How to sell your company twice…

Mark MacLeod
Real Exits
Published in
3 min readDec 14, 2016

Everyone dreams of some day selling their startup for big bucks. But how about getting to sell your company twice?

Most often, when we think of our exit strategy, we think of strategic buyers like Google and Facebook. Most exits are strategic exits to larger partners or competitors.

However, a small but growing category of buyers enable entrepreneurs to have two bites at the apple, and in effect, sell their company twice.

Private equity (PE) has been around for a long time. Pioneers such as KKR helped establish the buyout industry. Buyouts began in traditional manufacturing sectors. Typically, PE buyers would find underperforming businesses, install new management, add a pile of debt and get to work.

PE has come a long way since those early days and now covers all sectors and stages including technology.

The traditional, debt-driven PE playbook doesn’t translate well to high-growth technology companies. Nevertheless, PE buyers have shown a strong appetite for the tech sector. According to Pitchbook, there have been 606 PE buyouts in the information tech sector in N. America so far this year worth a combined $ 167B. Firms such as Vista Equity Partners have made some major acquisitions including Marketo for $1.8B.

Choosing PE over strategic buyers

So when should you be thinking about PE buyers over strategic? The truth is, you should be thinking about both simultaneously. Strategic exits are still the majority. But there are specific circumstances where PE could make more sense.

If, for example, your early investors want an exit, but you want to keep growing, then PE buyers could buy out your early investors. In addition, they could provide you with some liquidity and give you the comfort to push for a bigger outcome.

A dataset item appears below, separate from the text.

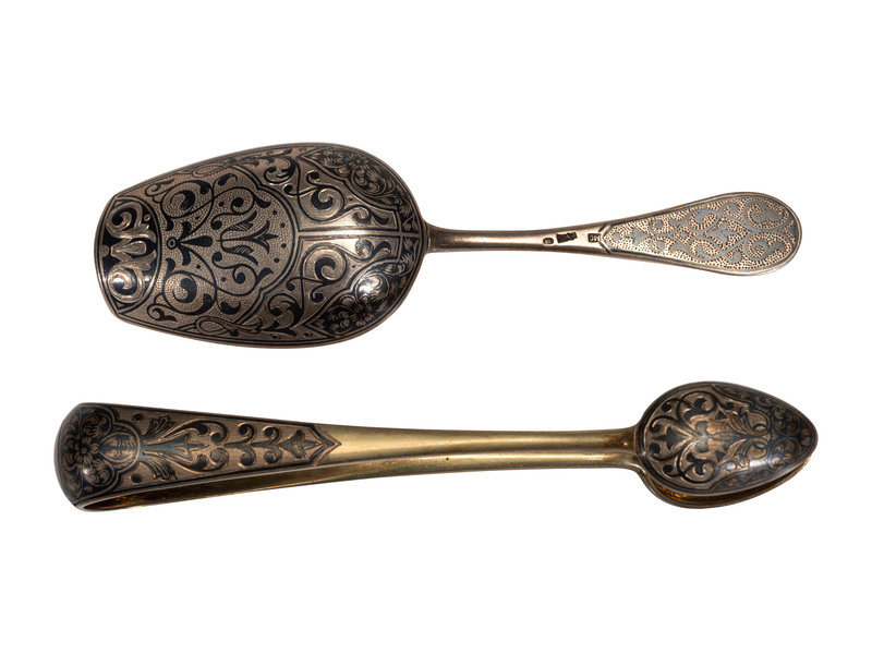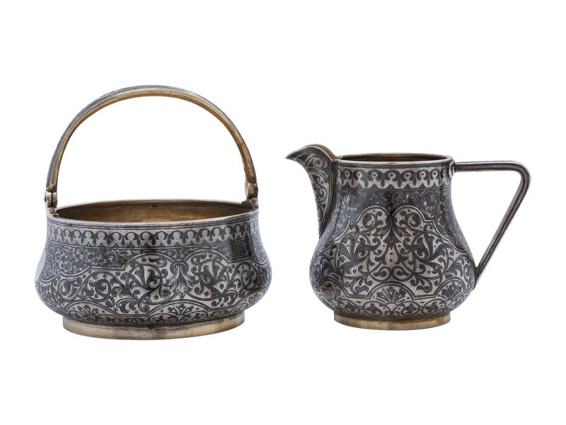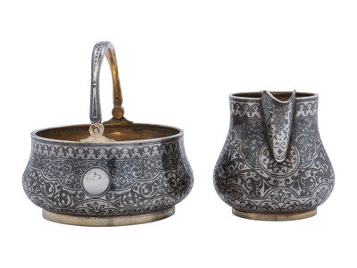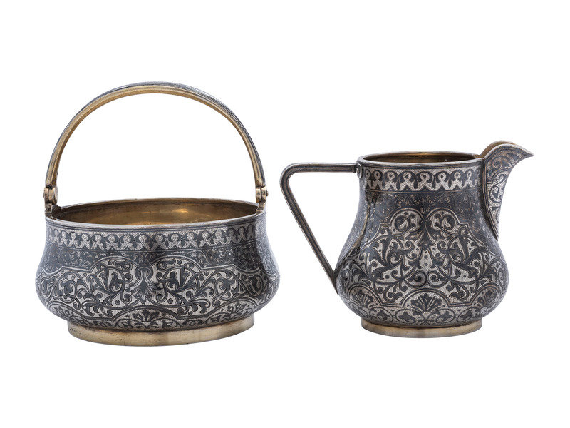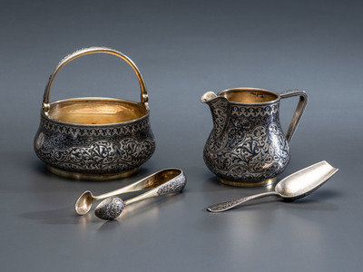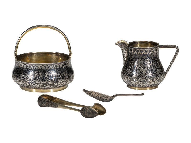 A Russian Niello Inlaid Silver Four-Piece Serving Set

Alternatively, a PE buyer might have already bought a company that it considers to be a “platform”. It then works with management of that company to identify complementary targets to combine with that platform company.

Finally, you may have a vision for how your company could become the next platform. Through a combination of building and buying new products you can transform your company into something much bigger. PE can enable that.

In all cases, even after the PE deal is done you retain considerable upside equity incentive. In the simple case of a recapitalization (buying out the old investors), the PE investor will own a large minority or small majority of the company, but you still retain your stake. Even when you sell to a portfolio company of a PE firm, you will have significant upside in the combined company.

This equity incentive is one of the key tools of PE buyers. They want management to be driven to work hard to create value. Unlike venture capital (where losses are expected), PE buyers expect to make money on every deal. This is why they invest much later than VCs do. Every deal must have a clear thesis, detailed playbook/ execution plan and every deal must motivate management to deliver superior returns.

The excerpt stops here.